Problem Set 2 - Naive-Bayes Document Classification

Due Feb.8 11:59pm

Your goal for this homework is to implement a Naive Bayes classifier for textual documents, train it on a labeled training set of Wikipedia documents selected from six classes, and test the performance of your learned system.

You will find the training data. There is a separate directory for each of the six classes: actor, book, company, stadium, university, and writer. Some of these classes are going to be harder to distinguish than others (e.g. actor, writer and book may be harder to distinguish than book and company), and hopefully that will make it interesting.

Each class directory has a subdirecrtory (called 'train') containing 200 training examples, each a file corresponding to a Wikipedia page in that class. For example, one file in the actor directory might have the name "Brad_Pitt". In fact, you'll notice that we took the first 200 pages in each class, so most will start with the letter A. Please don't use the filename as a feature. Furthermore, since some of the files were really long, we truncated all files after the first 600 words.

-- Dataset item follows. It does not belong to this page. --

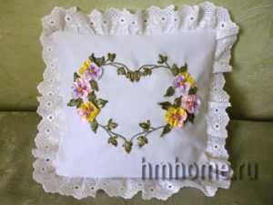Умелые рукодельницы любят окружать себя красивыми изделиями в повседневной жизни. Это могут быть вышитые нитками вещи или же сплетенные из бисера поделки. Но больше всего им нравится дополнять свой домашний интерьер, например вышитыми диванными подушками. В этой статье речь пойдет о вышивке атласными лентами. Вы узнаете, как можно оформить декоративную подушечку красивыми анютиными глазками из лент.

All of the files have been cleaned and tokenized for your viewing and classifying pleasure. The files have been cleaned of html markup and all punctuation symbols should be represented by their own tokens. For example, the sentence "Albert Einstein hates peas." will be represented in the file as "Albert Einstein hates peas .". Since the identification of the sentence boundaries was done automatically by a sentence classifier, the files may not be perfect. However, they should be good enough for your purposes.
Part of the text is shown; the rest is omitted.